This repository contains the code to reproduce the winning solution for the first subtask of the AXOLOTL24 shared task on Explainable Semantic Change Modeling. A detailed description of our approach is provided in our paper:
1. Prepare your environment
If you want to exactly reproduce our environment, use Python 3.9.19.

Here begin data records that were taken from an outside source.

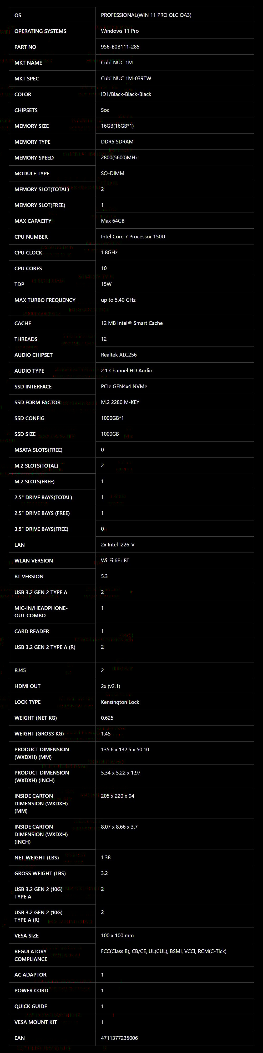 MSI 微星 Cubi NUC AI 1UMG-040BTW-B7155HXX 準系統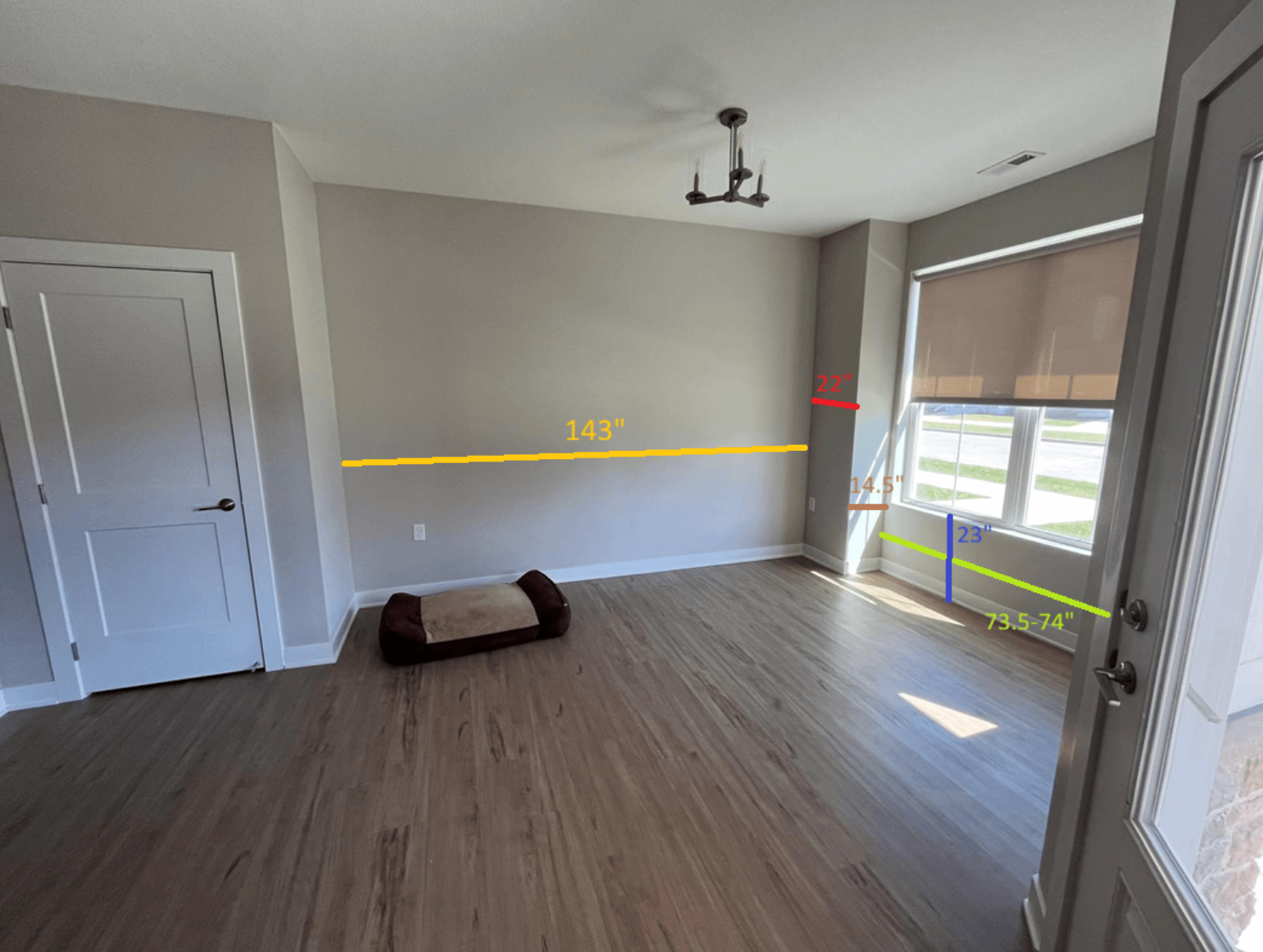 This room is probably intended to be a dining room or something, but I'd like to put a comfy seating area for reading and a cushioned bench for my dogs under the window so they can look out.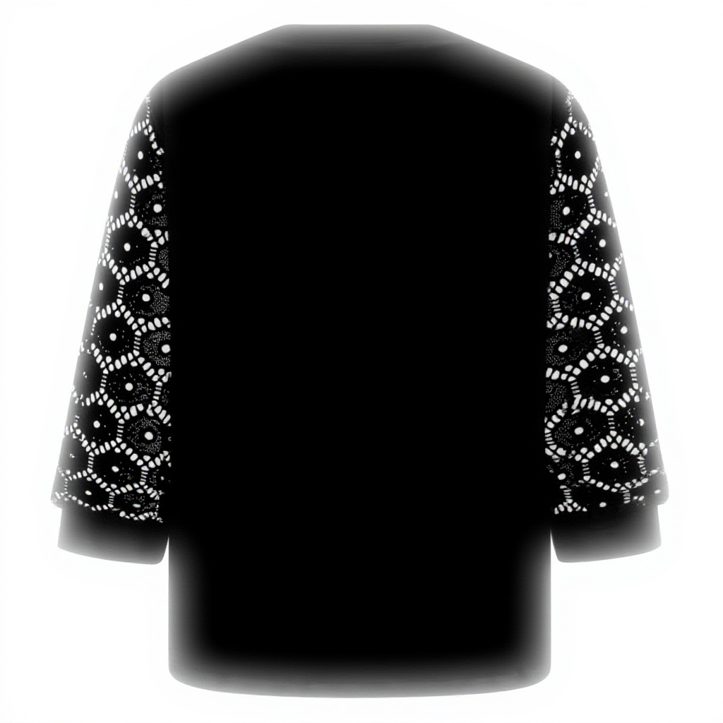 Diese Bluse ist in den Größen M und XL erhältlich, beide in der Farbe Schwarz. Das Material ist pflegeleicht und für Maschinenwäsche mit kaltem Wasser geeignet. Ein Blick auf die Größentabelle vor dem Kauf wird empfohlen, um die perfekte Passform zu gewährleisten.
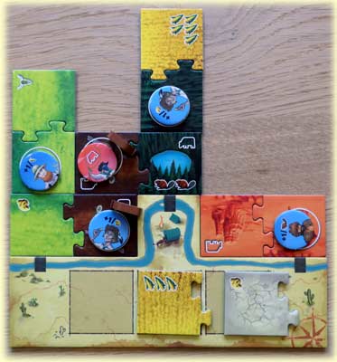 Auf der Rückseite der Puzzleteile befindet sich eine Zahl von 1 bis 6. Beim Spielen werden vier Puzzleteile zunächst mit den Zahlen nach oben auf den Tisch gelegt und nach Wertigkeit sortiert und dann auf die Landschaftsseite umgedreht. Zu Beginn platzieren alle nun in ausgeloster Reihenfolge ihre Rancherfigur auf ein Teil. Dann werden erneut vier Teile ausgelegt, nach Wertigkeit sortiert und umgedreht. Wer seinen Rancher auf das Teil mit der niedrigsten Zahl gestellt hat, beginnt nun immer bei der neuen Auswahl. Bist du an der Reihe, nimmst du das Puzzleteil mit deinem Rancher in deinen Vorrat und stellst deinen Rancher auf ein beliebiges Teil der neuen Reihe. Hast du mindestens zwei Puzzleteile im Vorrat, kannst du sie zu einem Dominostein zusammensetzen und mit dem Ausbau deiner Ranche beginnen. Liegen bereits drei Puzzleteile in deinem Vorrat und nimmst du ein viertes Puzzleteil, musst du sofort einen Dominostein zusammensetzen und bauen.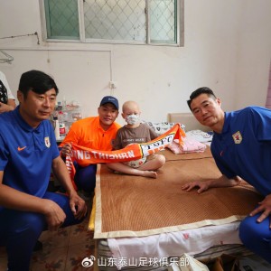7月14日讯 据山东泰山足球俱乐部官博报道,今天下午俱乐部副总经理宿茂臻、教练组组长韩鹏与队员王大雷一行看望了患病的8岁...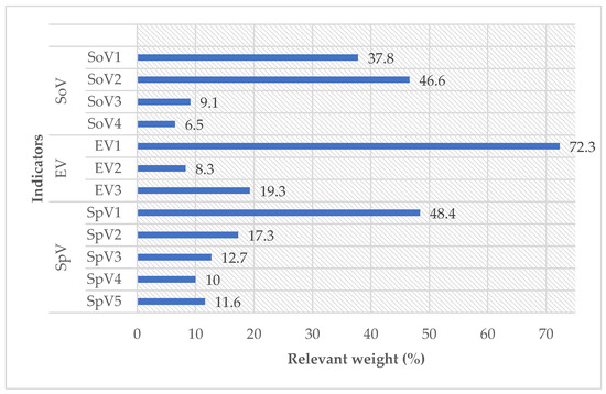 As mentioned in Section 3, the importance of each indicator over the others was established and quantified using Saaty’s scale through pairwise comparison of the indicators. The results of the computation process described in Section 3.4 are presented in Figure 3. It should be noted that the computation of CR (Equation (2)) was lower than the limit of 0.1 for SoV, EV and SpV, and was used to confirm the consistency of the pairwise comparison matrices.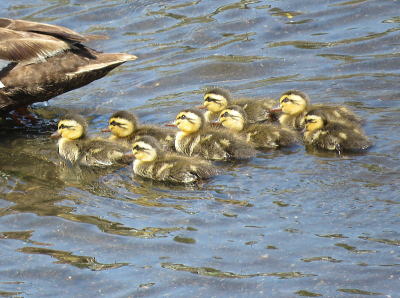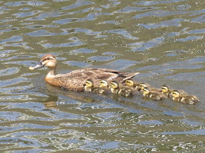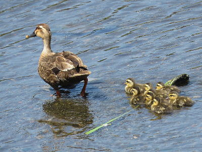 | カルガモ[7月31日] この時期でもヒナが見られるのですね | カルガモ[7月31日] ヒナは全部で8羽です | |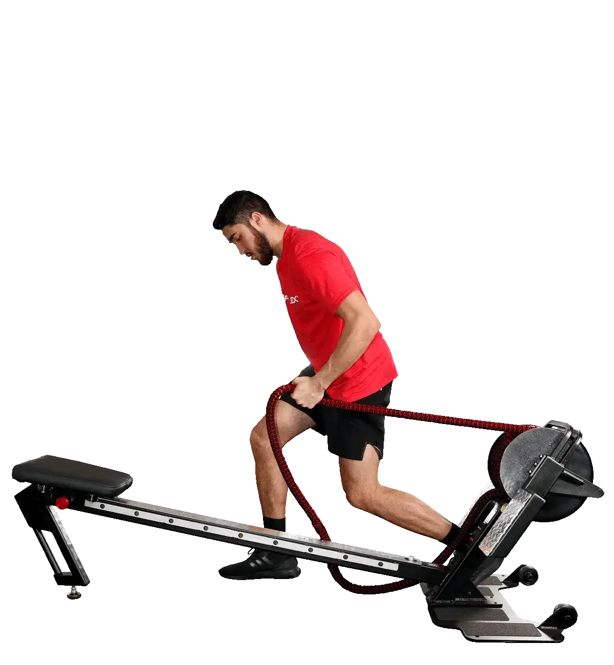 - Combines rowing and rope pulling exercises to activate all major muscle groups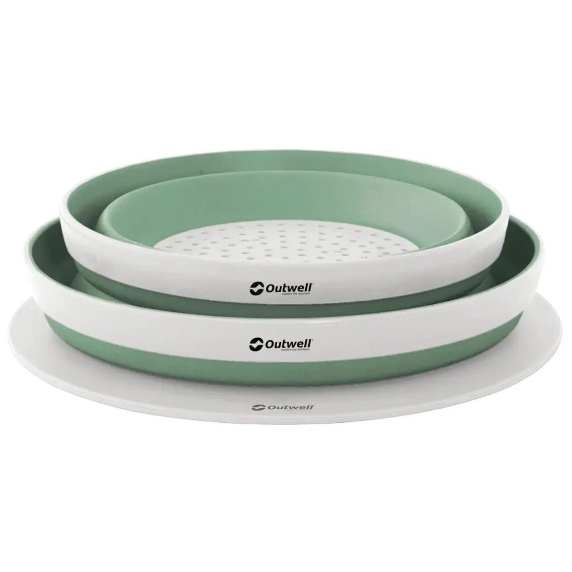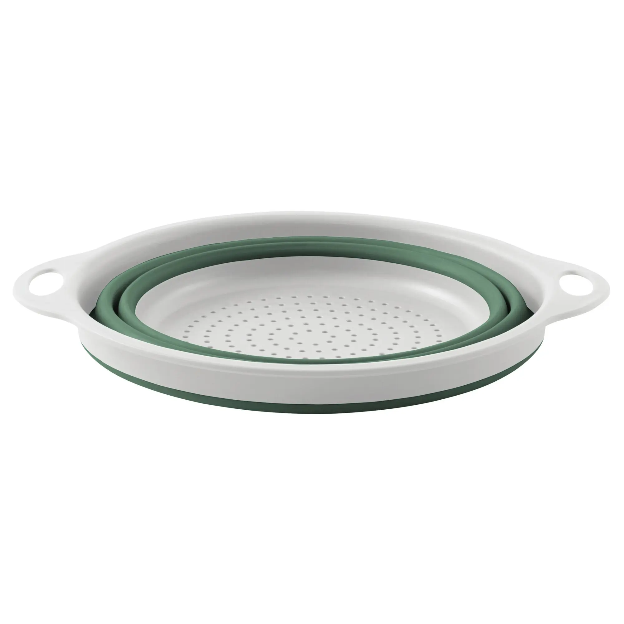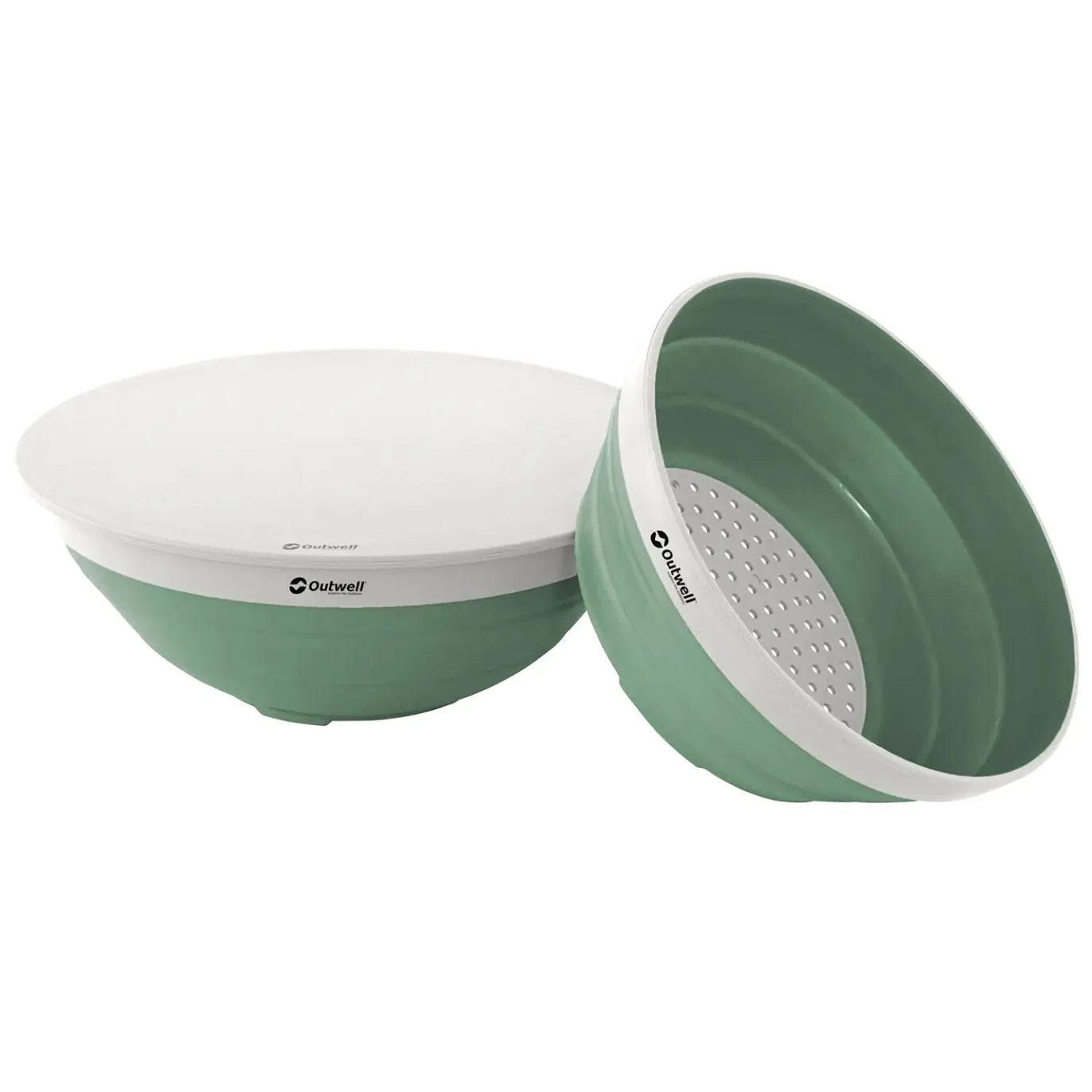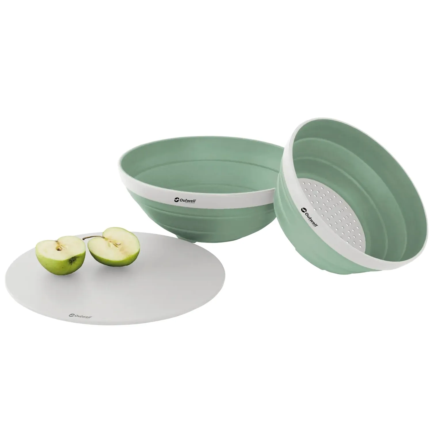 Folding bowl incl. lid and sieve. They can be packed together. Easy to open and fold. The lid can also be used as a cutting board with a juice groove. BPA-free.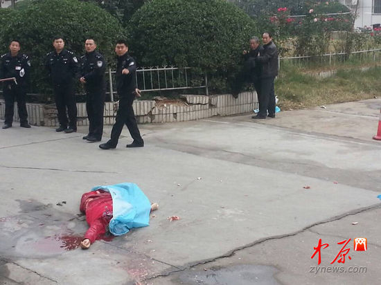 11月23日下午,郑州大学第五附属医院住院部楼下,一名身穿红衣的女性倒在地面,身下有一摊血迹,数名警察正在对现场进行勘查。据了解,死者名叫王某,今年78岁,生前在该院住院部1号楼8楼消化二科住院,诊断为支气管肺炎,11月18日入院,距今仅5天。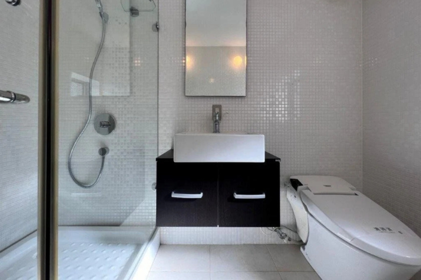 The interior boasts a contemporary design with clean lines and high-quality finishes. Flooring throughout adds a touch of elegance, while the inclusion of four air conditioners ensures comfort in all seasons. The system kitchen is a modern cook’s dream, equipped with a microwave oven, dishwasher, and dryer, enhancing functionality and style. Additional comforts include a bathroom with reheating function and a warm water washing toilet seat.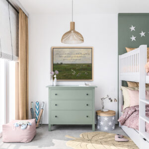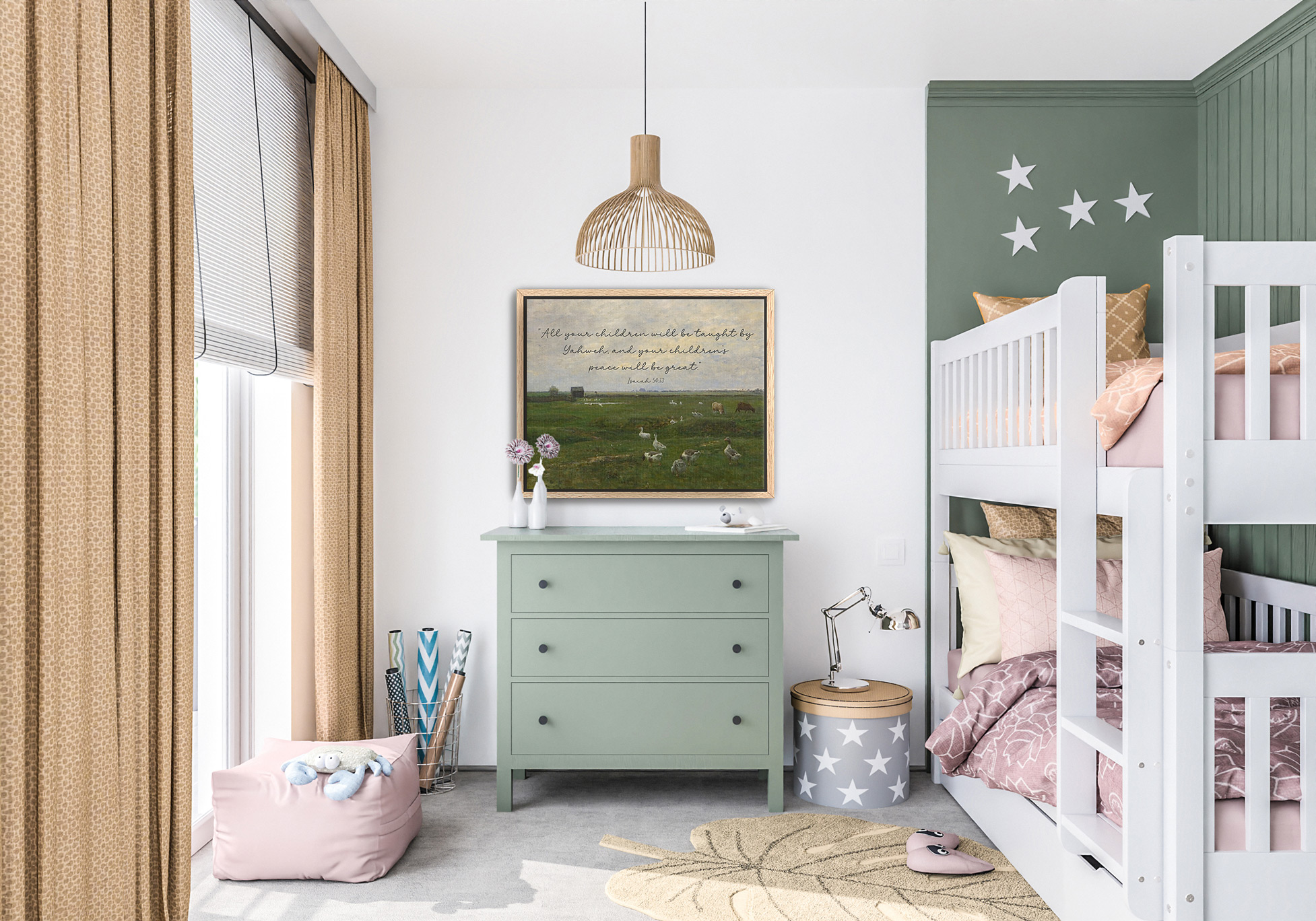 With its warm tones and vintage character, this piece is perfect for nurseries, children’s rooms, homeschool spaces, or anywhere you want to proclaim Yahweh’s covering over your children. It serves as a daily reminder that He Himself is faithful to shepherd, teach, and bring peace to the hearts of your little ones.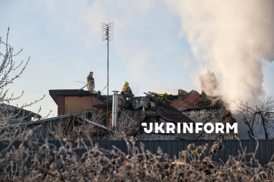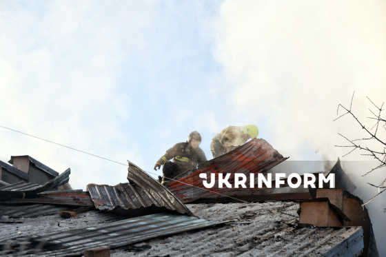 Пожежник ліквідовує пожежу на даху будинку, що виникла внаслідок російської дронової атаки, селище Олександрівка, Одеська область, 21 січня 2026 року.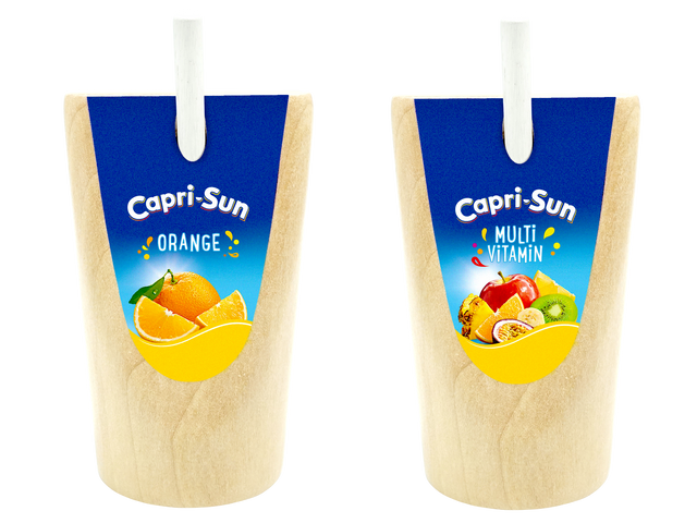 Inhalt: 1 x Capri-Sun Multivitamin (Holz), 1 x Capri-Sun Orange (Holz), 2 herausnehmbare Holz-Strohhalme

(Optional) create a new environment. E.g. if you use conda:
conda create -n deepchange_axolotl python=3.9.19
conda activate deepchange_axolotl
Install dependencies:
# install the requirements
pip install -r requirements.txt
# OR use precise package versions to ensure reproduction
pip install -r requirements.lock
2. Run the full reproduction script
cd code
bash repro.sh
Note: you can use -c option to use cached results and -d option to download embeddings insted of generating them.
3. Results
ARI_fi ARI_ru ARI_de F1_fi F1_ru F1_de
AggloM 0.581 0.044 0.492 0.674 0.639 0.695
AggloM_FiEnRu 0.631 0.035 0.485 0.731 0.640 0.639
WSD_GR 0.589 0.041 0.386 0.692 0.721 0.694
WSD_GR_FiEnRu 0.645 0.048 0.521 0.753 0.750 0.745
WSD_GR_FiSG 0.638 0.059 0.543 0.752 0.729 0.758
WSD_GR_Ru 0.572 0.043 0.446 0.679 0.748 0.705
WSI_agglomerative 0.209 0.259 0.316 0.055 0.152 0.042
cluster2sense 0.209 0.259 0.316 0.392 0.346 0.432
outlier2cluster_fi 0.646 0.047 0.480 0.753 0.747 0.745
outlier2cluster_ru 0.274 0.247 0.322 0.410 0.645 0.510
Note: the results for the Finnish dataset are slightly different from our results in the competition.
4. Improvements after publication
Some methods were improved by using different embeddings for WSI model. WSI_agglomerative_improved - WSI_agglomerative with embeddings generated by GR_FiEnRu. Improved versions of cluster2sense and outlier2cluster_ru use WSI_agglomerative_improved lables instead of WSI_agglomerative. The results are the following:
ARI_fi ARI_ru ARI_de F1_fi F1_ru F1_de
method
WSI_agglomerative 0.209 0.259 0.316 0.055 0.152 0.042
WSI_agglomerative_improved 0.265 0.304 0.445 0.055 0.152 0.042
cluster2sense 0.209 0.259 0.316 0.392 0.346 0.432
cluster2sense_improved 0.265 0.304 0.445 0.398 0.289 0.465
outlier2cluster_ru 0.274 0.247 0.322 0.410 0.645 0.510
outlier2cluster_ru_improved 0.276 0.254 0.326 0.410 0.645 0.510
To reproduce them run:
bash improvements.sh
5. Retrain the models
Refer to code/finetune_GR.sh. You may need to edit the script according to your hardware.